Reputation: 23
I'm writing an application that draws certain shapes.
Before each shape is drawn, some calculations are to be made. Which is why I have another thread to draw already processed items.
To synchronize between the two threads, I used a Semaphore. Before the drawer tries to extract an item from the queue, it will acquire a permit and every time an item is enqueued it will release a permit. Besides that, the enqueue
and dequeue
methods are synchronized. the calculating thread will wait for the drawer to finish if the number of permits isn't zero by the time the calculating thread is done.
EDIT The synchronized block in the calculating thread is to prevent the calculating thread to go on before the drawing thread is done. If it did, it would mess things up.
After profiling, releasing permits takes 8.3%
of the calculating thread's run time. Which is acceptable. The problem is with the drawing thread.
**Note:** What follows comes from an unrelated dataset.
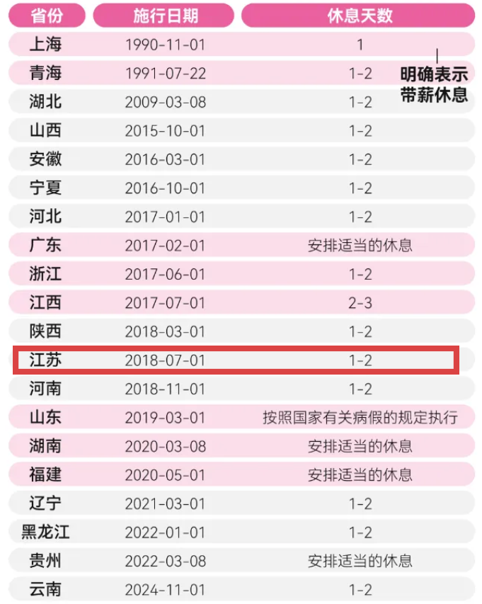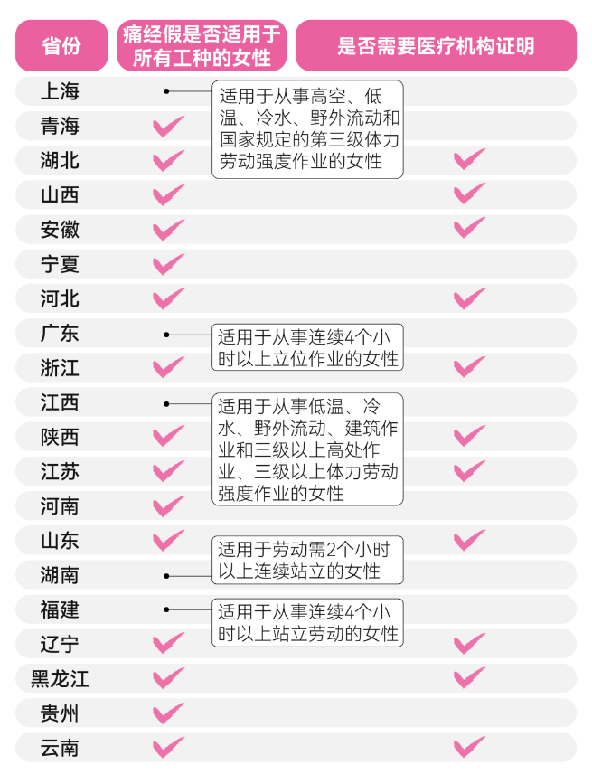 早在1993年,由原卫生部、全国总工会等5个部门联合颁布的《女职工保健工作规定》中,就有类似的规定。该规定指出,患有重度痛经及月经过多的女职工,经医疗或妇幼保健机构确诊后,月经期间可适当给予1至2天的休假。此后,多地纷纷出台相关政策,确保女性职工的这一权益得以落实。据不完全统计,目前,包括北京、上海、陕西、江苏、山东、四川、江西等在内的全国近20个省份都在地方性规定中明确了这一权益。

The acquire method takes 63% of it's run time.
Besides that, I tried using a blocking queue, but it was even worse.
code:
drawing thread:
private void drawNext(){
QueuedDraw item;
if(drawingStatus.availablePermits()==0)
synchronized(drawingStatus){
if(drawingStatus.availablePermits()==0)
drawingStatus.notify();
}
try {
drawingStatus.acquire();
} catch (InterruptedException ex) {
Logger.getLogger(PolygonDrawer.class.getName())
.log(Level.SEVERE, null, ex);
}
item = queue.dequeue();
fillPoly(item.points, item.color, item.vertices);
}
public final void fillSquare(Point[] points, byte[] color){
queue.enqueue(new QueuedDraw(points, color, SQUARE_VERTICES));
drawingStatus.release();
}
public final void fillTriangle(Point[] points, byte[] color){
queue.enqueue(new QueuedDraw(points, color, TRIANGLE_VERTICES));
drawingStatus.release();
}
@Override
public void run() {
while(true){
drawNext();
}
}
calculating thread:
note: before this block are all the method calls that trigger fillSquare/fillTriangle
if(paintStatus.availablePermits()!=0)
synchronized(paintStatus){
try {
if(paintStatus.availablePermits()!=0)
paintStatus.wait();
} catch (InterruptedException ex) {
Logger.getLogger(Painter.class.getName())
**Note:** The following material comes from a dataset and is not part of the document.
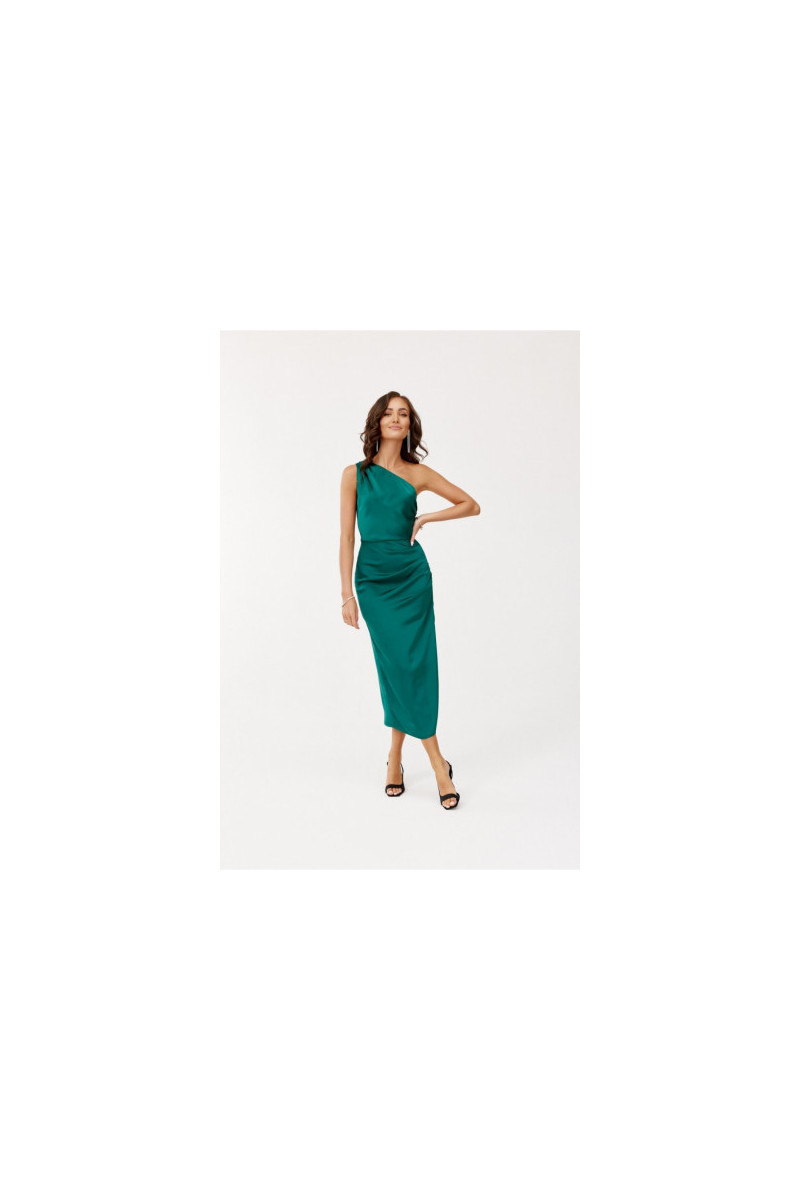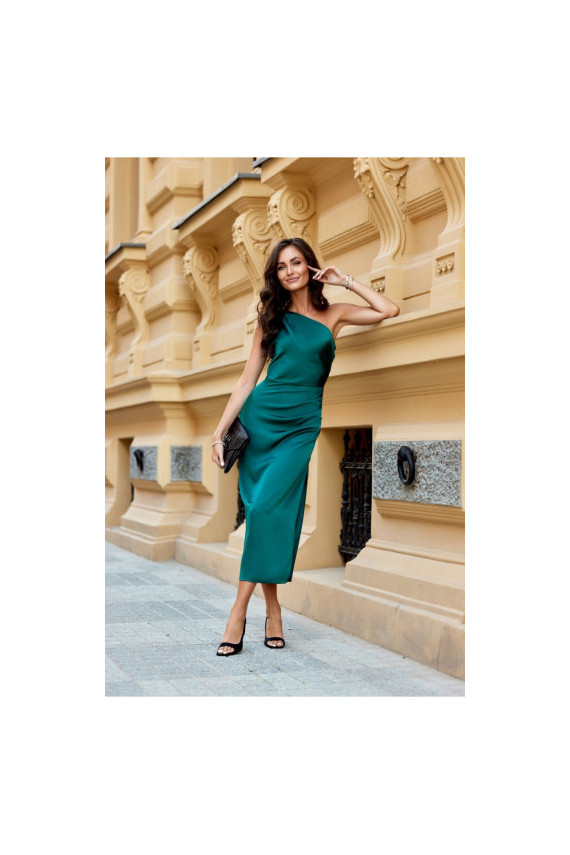 One-shoulder midi Kleit with a subtle slit at the leg is made of delicate satin Materjal:. On the side there is a crease, which perfectly conceals any imperfections. A wide shoulder strap with creases on one shoulder gives it a unique character. Fastened with a covered zipper on the side of the Kleit. This midi Kleit is not only elegant, but also functional. The midi length gives the Kleit a refined, feminine style. This Kleit cut will allow you to feel original by emphasizing your individual style and is sure to attract attention by making you stand out from the crowd regardless of the occasion. The product is made and sewn in Poland.

.log(Level.SEVERE, null, ex);
}
}
Upvotes: 2
Views: 1310
Reputation: 1857
Use BlockingQueue.take
and BlockingQueus.put
.
The reason why these or acquire
will show a large share of time spent is (most likely) that those methods block, when nothing is available to take or the Queue is full (if it can be full).
Upvotes: 0
Reputation: 57707
With your current implementation, it seems you are forcing the threads to operate in lockstep. If your queue is thread-safe, such as ArrayBlockingQueue , you don't need the explicit synchronization provided by the semaphore. Once the calculating thread is done updating the item, it can just put it in the queue. The calculating thread can put elements in the queue at the same time the drawing thread fetches them. In principle, you could have multiple calculating threads performing calculations in parallel. The drawing thread uses poll() to fetch items from the queue, which will block the thread if the queue is empty.
This will make the code cleaner, and rely more on established classes. If synchronization overhead is still too high, you can do calculations in batches, and add the batch of calculations to the queue as a single item. The queue type will then be (say) List<QueuedDraw>
.
EDIT: The cost of waiting can be significant (as you've seen) if calculations are relatively quick compared to the cost of blocking, so a blocking queue is not ideal here. Instead, use a queue with a "wait-free" algorithm, such as ConcurrentLinkedQueue. This type of queue doesn't block threads using the scheduler, and instead uses atomic operations to guard access to shared state.
Bear in mind that your drawing thread can only draw as fast as you are calculating. It may make sense that it spends a lot of time waiting for items to become available if they take comparably longer to calculate than to draw. Parallelizing the calculations will help give the drawing thread more work to do.